◆ PROMPT
Below are some entries. Repeat exactly the lines from the one with "신축성 좋은 원단을 사용" through the one with "Il pavimento intermedio", and only those.

--- DATASET Enclosed Below ---

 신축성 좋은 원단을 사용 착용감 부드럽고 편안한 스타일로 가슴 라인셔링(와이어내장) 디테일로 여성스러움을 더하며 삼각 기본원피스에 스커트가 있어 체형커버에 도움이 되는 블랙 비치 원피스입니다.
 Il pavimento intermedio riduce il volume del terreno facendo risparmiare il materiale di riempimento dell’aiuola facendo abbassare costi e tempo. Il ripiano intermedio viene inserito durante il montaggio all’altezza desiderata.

--- End of Enclosed DATASET ---
--- DATASET Enclosed Below ---

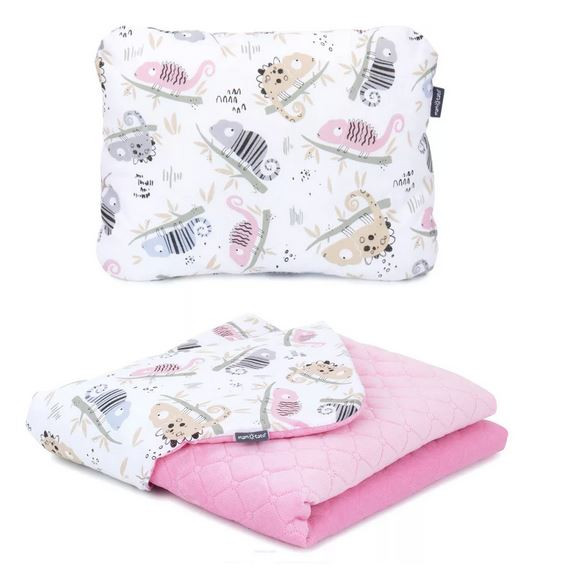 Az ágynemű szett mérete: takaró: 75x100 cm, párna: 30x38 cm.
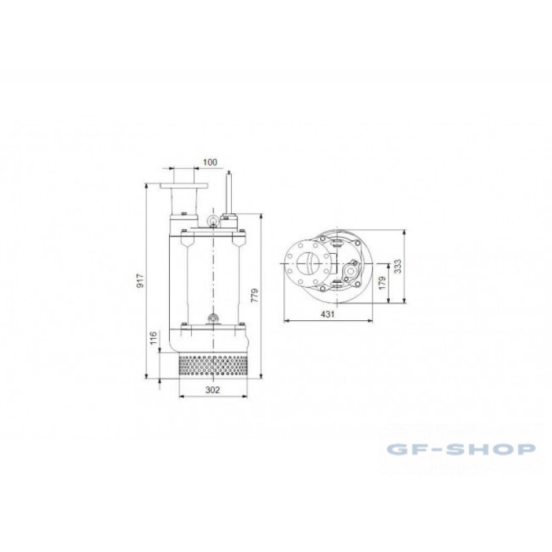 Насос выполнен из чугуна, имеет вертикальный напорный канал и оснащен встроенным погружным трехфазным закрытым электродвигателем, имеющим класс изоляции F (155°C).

--- End of Enclosed DATASET ---

◆ ANSWER TO THIS EXERCISE
 신축성 좋은 원단을 사용 착용감 부드럽고 편안한 스타일로 가슴 라인셔링(와이어내장) 디테일로 여성스러움을 더하며 삼각 기본원피스에 스커트가 있어 체형커버에 도움이 되는 블랙 비치 원피스입니다.
 Il pavimento intermedio riduce il volume del terreno facendo risparmiare il materiale di riempimento dell’aiuola facendo abbassare costi e tempo. Il ripiano intermedio viene inserito durante il montaggio all’altezza desiderata.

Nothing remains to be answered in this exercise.